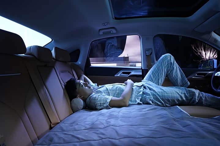既然是一辆定位家用的产品,小鹏P5第二排腿部有效空间达到了991mm,并拥有非常高的空间利用率,车内设置了26处储物空间,后行李箱容积达到450L,官方将其定义为可以陪伴用户日常工作、娱乐的「第三空间」,推出了娱乐场景、睡眠场景、户外场景、生活场景以及DIY场景五大场景模式,用户可根据自身需求选装原厂定制开发的睡眠套装、观影套装、车载美食智能冰箱、守护型智能香氛等,拓展出个性化的生活模式。
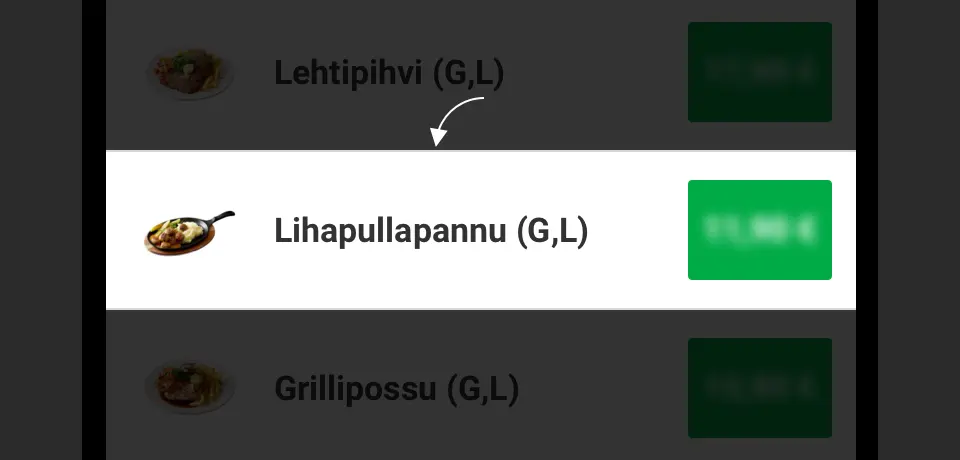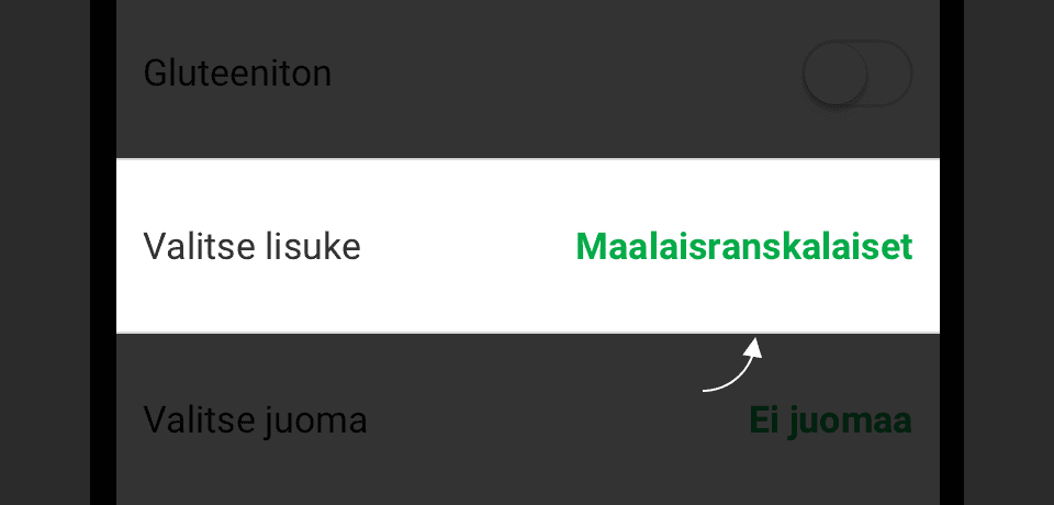Paina lisukkeen nimeä ja valitse minkä lisukkeen haluat. Valinnan jälkeen paina “Valmis”.
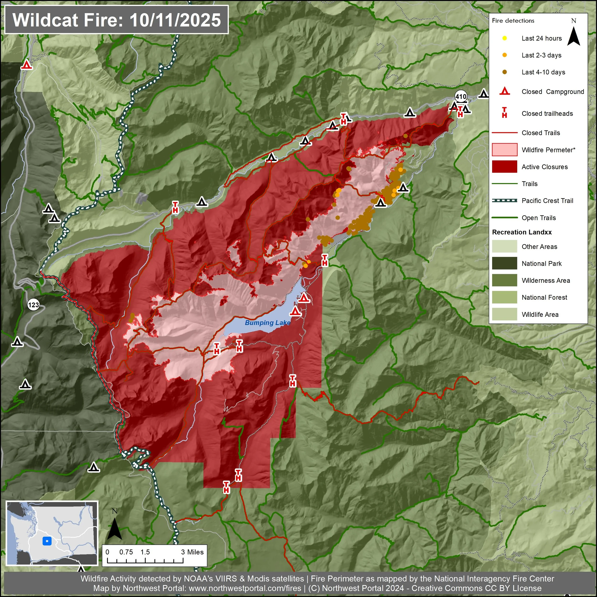 Wildcat Fire: This fire in the William O’Douglas Wilderness in Yakima County was started by lightning strike on 8/25/2025. As of 10/10 it is 15,592 acres, 5% contained and has 409 personnel assigned. Find more information on this fire at Wildcat Fire 2025 official Facebook page managed by the National Forest.

HOW TO COMPLETE THIS TASK ▸ Leave the pictures out and reproduce exactly the lines from the top of the listing above through the line with "Paina lisukkeen nimeä".

TASK SOLUTION ▸
既然是一辆定位家用的产品,小鹏P5第二排腿部有效空间达到了991mm,并拥有非常高的空间利用率,车内设置了26处储物空间,后行李箱容积达到450L,官方将其定义为可以陪伴用户日常工作、娱乐的「第三空间」,推出了娱乐场景、睡眠场景、户外场景、生活场景以及DIY场景五大场景模式,用户可根据自身需求选装原厂定制开发的睡眠套装、观影套装、车载美食智能冰箱、守护型智能香氛等,拓展出个性化的生活模式。
Paina lisukkeen nimeä ja valitse minkä lisukkeen haluat. Valinnan jälkeen paina “Valmis”.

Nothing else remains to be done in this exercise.